Lisa M. Campana, B.S.1,6; Gari D. Clifford, Ph.D.2,3,6,7; John Trinder, Ph.D.4; Stephen D. Pittman, M.S.5; Atul Malhotra, M.D., F.A.A.S.M.6,7
1Boston University, Boston, MA; 2University of Oxford, Oxford, UK; 3Massachusetts Institute of Technology, Boston, MA; 4University of Melbourne, Melbourne, Australia; 5Philips-Home Healthcare Solutions, Boston, MA; 6Brigham and Women's Hospital Boston, MA; 7Harvard Medical School Boston, MA

Study Objectives:

To determine if electrocardiographic parameters are predictive of response to non-pharmacological insomnia therapy.

Design:

Secondary analysis of heart rate parameters from a double blind, randomized, sham-controlled trial at multiple study sites.

Setting:

Six sites in the United States were used for the data collection.

Participants:

One hundred ninety-eight healthy subjects with no sleep disorders.

Interventions:

Subjects were studied on 2 consecutive nights, a baseline night and a therapy night.
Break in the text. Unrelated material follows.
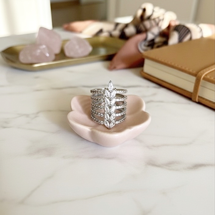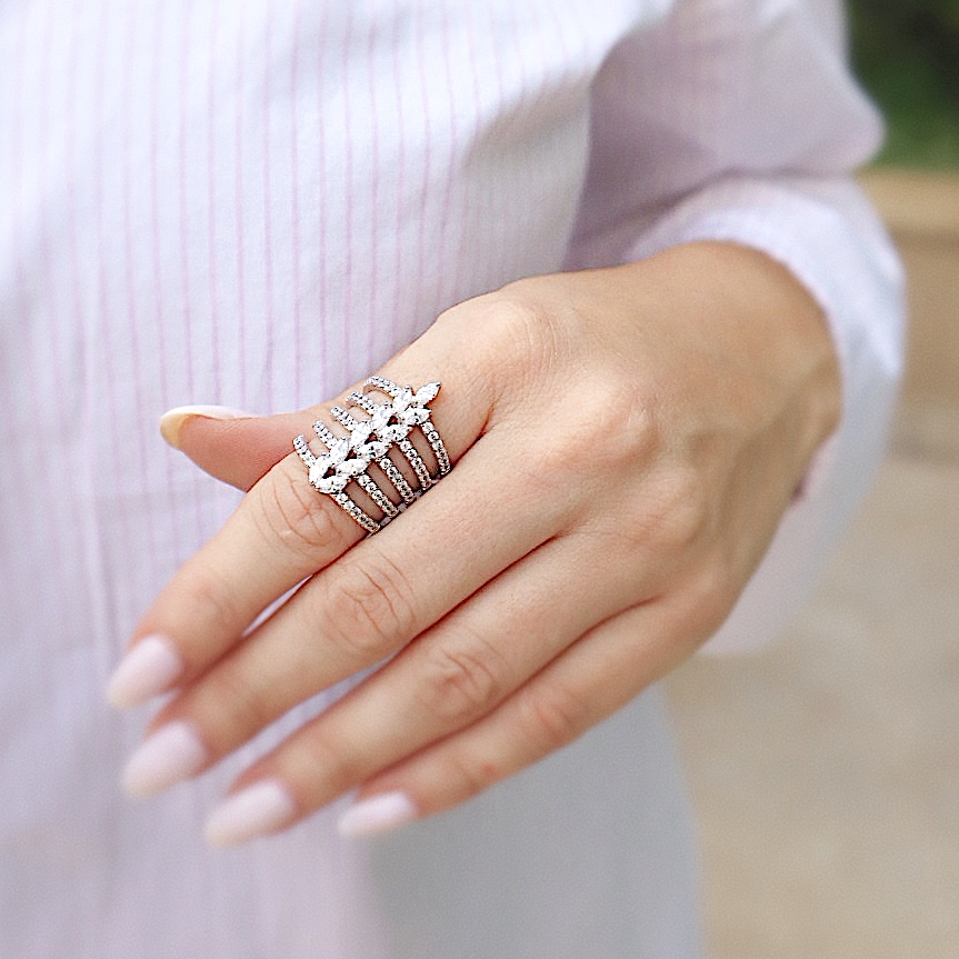 Composto por cinco linhas delicadamente alinhadas, o Anel Symphony traduz equilíbrio e elegância em um design único. Seu brilho intenso e acabamento impecável tornam a peça perfeita para quem busca sofisticação em cada detalhe. Um anel imponente e, ao mesmo tempo, versátil, ideal para elevar produções do dia a dia ou complementar looks mais sofisticados.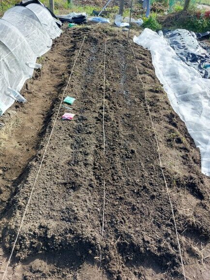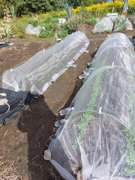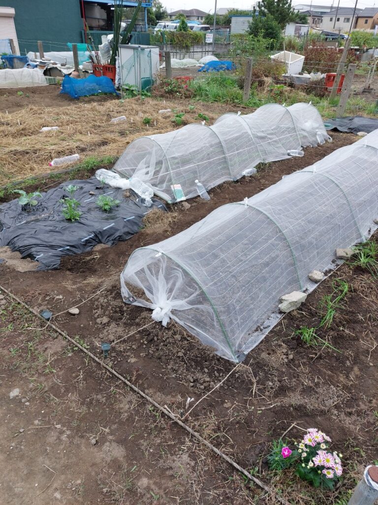 いただいたニラも一緒に種まきと植え付けを行い防虫ネットをかけて生育を見守ることにした。さあ無事に育ちますように。

On the therapy night, subjects were phase advanced 4 h and randomized to receive either sham or vestibular stimulation, an experimental therapy for insomnia.

Measurements and Results:

ECG data were recorded and analyzed for the 5-min periods preceding and following sleep onset. Analyses were conducted on those who did and did not respond to therapy, as defined by latency from bedtime to persistent sleep (LPS). Responders to therapy were found to have higher low-frequency (LF) power at baseline during wakefulness than non-responders, and responders had higher high-frequency (HF) power during therapy than non-responders on therapy. Furthermore, responders > 35 y had elevated LF power at baseline than non-responders > 35 y (p < 0.05). No differences were seen in the sham group in identical analyses, ruling out a nonspecific effect of sleep onset.

Conclusions:

Heart rate variability analyses indicate that differences exist between those who respond to insomnia therapy and those that do not, particularly in an older subset of subjects. Further research into the use of ECG and other physiological parameters to stratify response to therapeutic interventions is warranted.

Citation:

Campana LM; Clifford GD; Trinder J; Pittman SD; Malhotra A. A possible method to predict response to non-pharmacological insomnia therapy. J Clin Sleep Med 2011;7(4):370-375.